» **What to work on**
Write back every line of the listing exactly, excluding images.

» **Source data**
◇ ◇ ◇ ◇ ◇ ◇ ◇

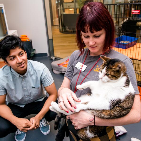 Mientras estés aquí, nuestro amable personal puede responder cualquier pregunta y proporcionar información sobre cómo adoptar, servir como hogar temporal, o ser un voluntario.
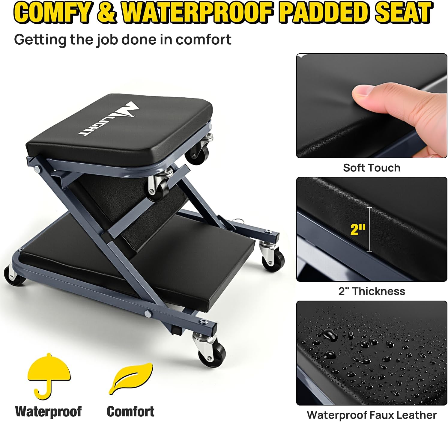 - 2-in-1 Quick Switch: Designed for versatility, this creeper features a simple yet ingenious mechanism that easily converts from a crawler to a stool. Ensures adaptability to a variety of tasks and positions.
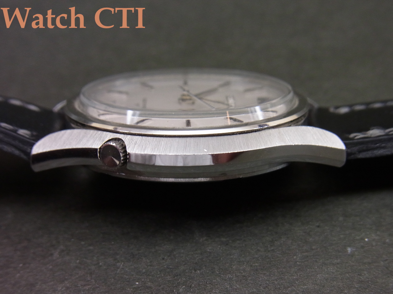 今、ヴィンテージ品としての評価は「使い込まれていない品」という点で高評価が付くのであり、売れ残っていた時計店では棚卸されて以来長い年月を経た厄介者でした…..当然「経年変化」がでています。中には、棚卸後にパーツを取られてドナーになってしまった個体だって出てきます。そういう点でデッドストック品にはエンドユーザーに実用使用された痕跡はなくとも棚卸以降の時計店での現在までの保管状況次第ではユーズド品にも劣る品だって実際にはございます。ただし、私たちが仕入れるのはそんな中でもできる限り優良なオリジナル状態を保っているものを選択してはいるのです。が、ほぼすべての個体で何らかの経年変化痕跡や手を入れた痕跡が見られますので、工場出荷直後の「未使用新品」とは区別してお考え下さい。宜しくお願い致します。

◇ ◇ ◇ ◇ ◇ ◇ ◇

» **Solution below**
 Mientras estés aquí, nuestro amable personal puede responder cualquier pregunta y proporcionar información sobre cómo adoptar, servir como hogar temporal, o ser un voluntario.
 - 2-in-1 Quick Switch: Designed for versatility, this creeper features a simple yet ingenious mechanism that easily converts from a crawler to a stool. Ensures adaptability to a variety of tasks and positions.
 今、ヴィンテージ品としての評価は「使い込まれていない品」という点で高評価が付くのであり、売れ残っていた時計店では棚卸されて以来長い年月を経た厄介者でした…..当然「経年変化」がでています。中には、棚卸後にパーツを取られてドナーになってしまった個体だって出てきます。そういう点でデッドストック品にはエンドユーザーに実用使用された痕跡はなくとも棚卸以降の時計店での現在までの保管状況次第ではユーズド品にも劣る品だって実際にはございます。ただし、私たちが仕入れるのはそんな中でもできる限り優良なオリジナル状態を保っているものを選択してはいるのです。が、ほぼすべての個体で何らかの経年変化痕跡や手を入れた痕跡が見られますので、工場出荷直後の「未使用新品」とは区別してお考え下さい。宜しくお願い致します。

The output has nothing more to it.